Create your own dataset and change `data_train` to point to your dataset in cosmos_predict2/_src/predict2/distill/configs/experiment/experiments_dmd2_predict2p5.py. Then run the following command to launch an example distillation training

```bash
torchrun --nproc_per_node=4 --master_port=12340 -m scripts.train --config=cosmos_predict2/_src/predict2/distill/configs/registry_predict2p5.py -- experiment=dmd2_trigflow_distill_cosmos_predict2_2B_bidirectional_TnI2V
```

This command:
- Registeres the trainer, optimizer, dataset/dataloader, and the predict2.5 distillation model to be trained as specified in the `registry_predict2p5.py`.
- Registers all experiments as defined in various scripts in `configs/experiment/` folder (those added to Hydra via calling `cs.store`).
- Starts training: the trainer iterates training steps by calling the 'training_step' function defined in the model.

```bash
CHECKPOINTS_DIR=${IMAGINAIRE_OUTPUT_ROOT:-/tmp/imaginaire4-output}/cosmos_predict2_distill/predict2_distill/dmd2_trigflow_distill_cosmos_predict2_2B_bidirectional_TnI2V/checkpoints
CHECKPOINT_ITER=$(cat $CHECKPOINTS_DIR/latest_checkpoint.txt)
CHECKPOINT_DIR=$CHECKPOINTS_DIR/$CHECKPOINT_ITER

# Convert DCP checkpoint to PyTorch format
python ./scripts/convert_distcp_to_pt.py $CHECKPOINT_DIR/model $CHECKPOINT_DIR

```


## Code Walkthrough

Below is a walkthrough using the Predict2.5 Video2World model as an example.

```python
class Video2WorldModelDistillDMD2TrigFlow(DistillationCoreMixin, TrigFlowMixin, Video2WorldModel):
    ...
```

The distillation model inherits from three classes:
- **`DistillationCoreMixin`**: Common distillation-related code.
- **`TrigFlowMixin`**: Training-time timestep sampling functions, since we use TrigFlow as a unified parameterization for both distillation methods.
- **`Video2WorldModel`**: The teacher model class (in this case, Predict2.5), allowing reuse of its tokenizer, data handling, conditioner, etc.

> **Note:** The order of inheritance matters.

### Training Step Implementation

The high-level `training_step` that alternates between student and critic phases is defined in `DistillationCoreMixin`. For DMD2, implement two methods in your model:

#### Student Phase (`training_step_generator`)

1. Freeze the critic (and discriminator if enabled); unfreeze the student.
2. Sample time and noise; generate few-step student samples from noise.
3. Re-noise the student-generated samples to the sampled time, then feed this re-noised state to the teacher twice (conditional/unconditional) to form the CFG target. Also feed the same re-noised state to the critic if enabled.
4. Compute DMD2 losses from teacher and critic predictions; backpropagate into the student only. Optionally include GAN terms if configured.

#### Critic Phase (`training_step_critic`)

1. Freeze the student; unfreeze the critic (and discriminator if enabled).
2. Generate student samples via a short backward simulation (a few reverse steps); re-noise to the sampled time.
3. Train the critic on these student samples to fit the denoising target.

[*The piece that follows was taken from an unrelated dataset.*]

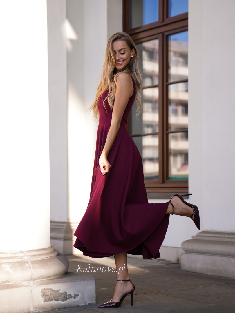 Karlie midi - burgundy dress with fitted strapless top and flared midi length bottom.

If a discriminator head is used, also run the real/noisy-real path and apply GAN loss.

### Key Functions

- **`backward_simulation`**: Performs a few reverse-time steps with the student to craft slightly denoised samples for critic training. This is not a full trajectory and is controlled by config.

- **`get_data_and_condition`**: For CFG distillation, the teacher needs both conditional and unconditional forwards, so this function returns `(raw_state, x0, condition, uncondition)`. For video, we use identical conditional-frame masks for both; the only difference is text conditioning.